Por: Carlos Chagas
BRASÍLIA - Como regra, quando é para aprovar algum projeto, a temperatura sobe nos plenários do Congresso. Conflitos e confrontos costumam seguir-se a debates e discussões. Tudo bem, é da rotina parlamentar e democrática. O que não dá para entender, ou entendemos muito bem, é quando se trata de adiar qualquer projeto, especialmente os importantes: nessa hora, governo e oposição se unem. Falam em uníssono. Desaparecem as seqüelas e querelas. Deixa-se para amanhã o que não se quer fazer hoje.
Quinta-feira reuniram-se os líderes de todos os partidos com o presidente da Câmara, Arlindo Chinaglia. Em poucos minutos decidiram adiar para abril do ano que vem a votação da reforma tributária. Com isso, suspende-se a análise de uma das mais prementes necessidades nacionais, a ordenação tributária e a correção de injustiças flagrantes que pesam sobre o cidadão comum e, em muitos casos, sobre a economia dos estados.
Getúlio Vargas tinha uma estratégia para problemas considerados insolúveis: mandava fazer um resumo e guardava o papel numa gaveta. Dizia que tudo se resolveria sozinho. Na maior parte das vezes, tinha razão.
Quanto à reforma tributária, de jeito nenhum. Porque não dá mais para levar adiante a punição de pessoas e empresas submetidas ao mais cruel dos regimes fiscais em todo o planeta. Um assalariado médio trabalha seis meses por ano para pagar impostos.
Um trabalhador de salário mínimo não chega à segunda quinzena de cada mês com dinheiro no bolso para comer, dada a taxação indireta que recai sobre os produtos de primeira necessidade de que precisa. Um pequeno empresário vai à falência por não poder enfrentar a cascata de impostos, taxas e contribuições que o agridem.

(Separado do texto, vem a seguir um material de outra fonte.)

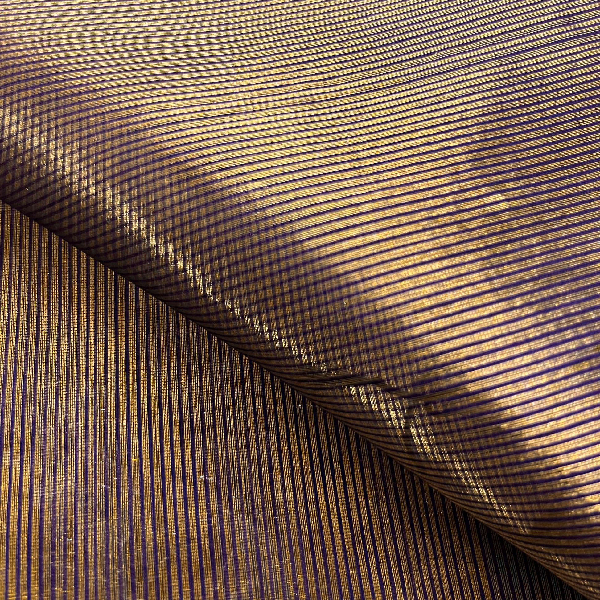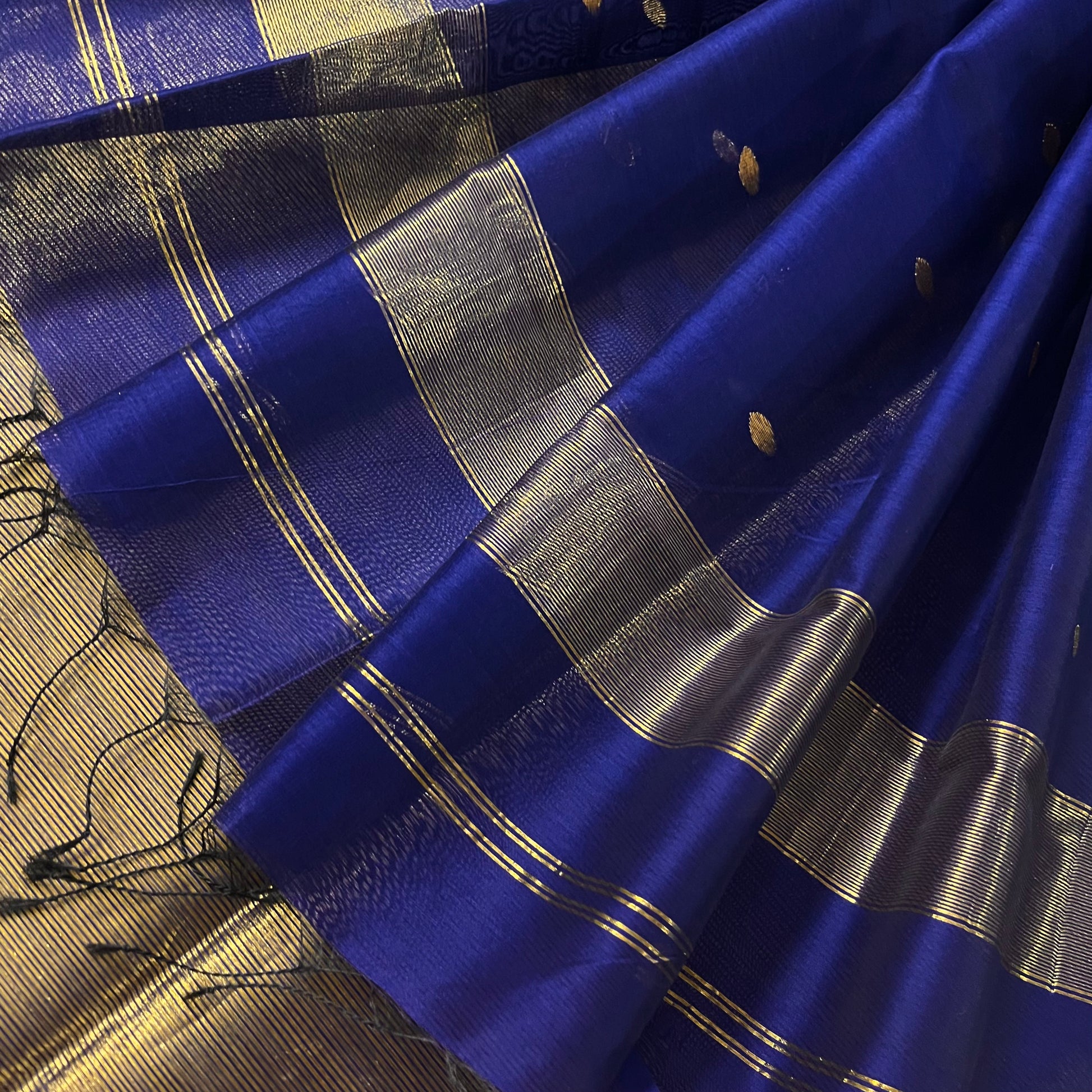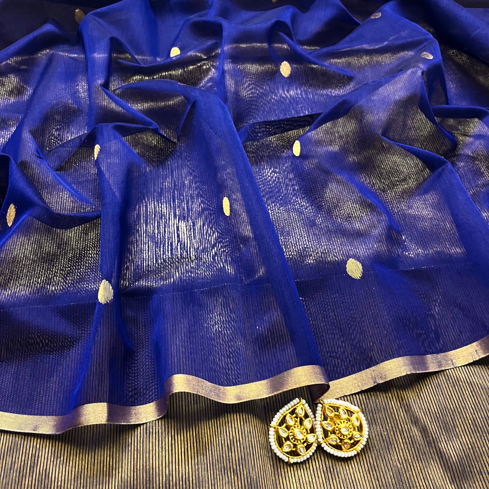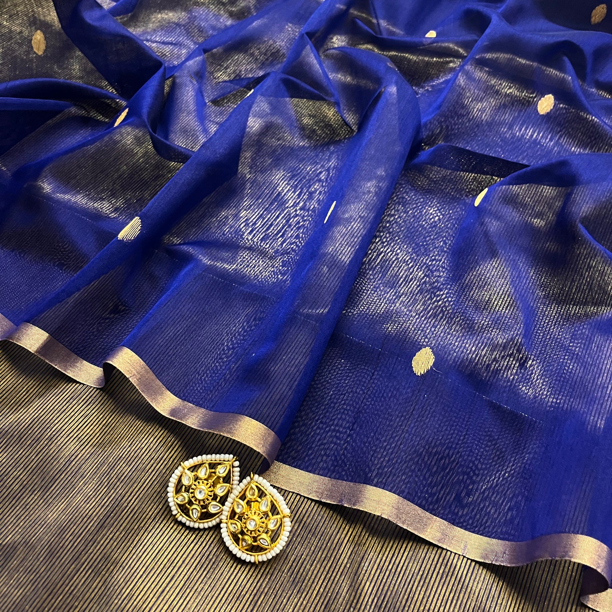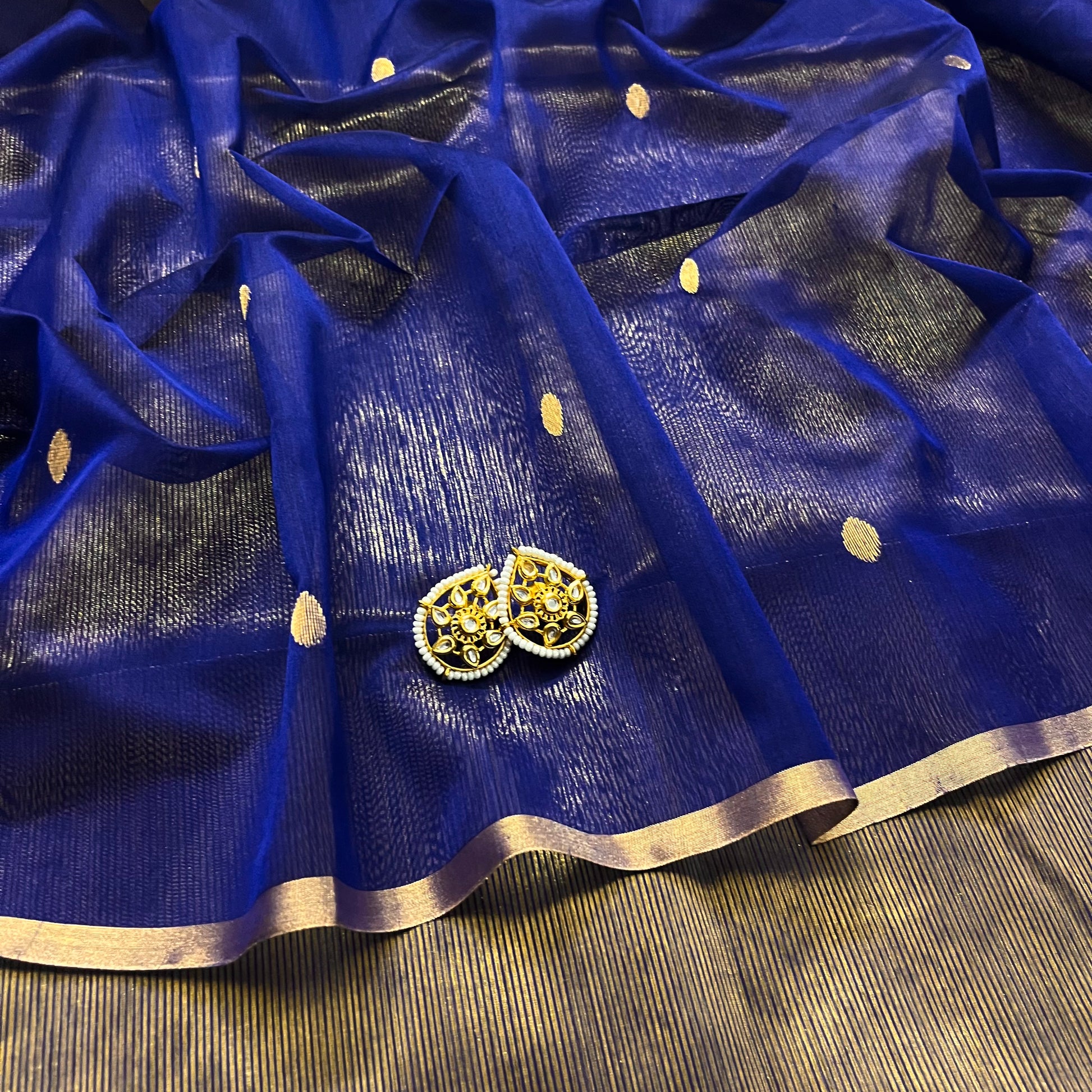 The saree has zari border with gold zari lines on the bottom half(pleats), and zari bootis on top half(chest and pallu) of the saree.It comes with a running blouse piece with zari lines on it. Fabric of the saree is maheshwari cotton silk

Diminuir as agruras da população seria o objetivo fundamental da reforma tributária, acima e além, até mesmo de saber se o ICMS incide sobre o estado produtor ou o estado consumidor. Pois em meio a uma situação aguda como essa, Suas Excelências protelam para abril soluções que deveriam ter sido resolvidas ontem.
O Planalto como palco
Estabelece a lei que seis meses antes de qualquer eleição fica tudo proibido. Quem é candidato e ocupa uma função pública arrisca-se a ser cassado pelo simples fato de manter seus planos e programas assistenciais, como acaba de acontecer com o já ex-governador da Paraíba, Cássio Cunha Lima. Não aconteceu com o Lula, também disputando um segundo mandato, mas essa é outra história.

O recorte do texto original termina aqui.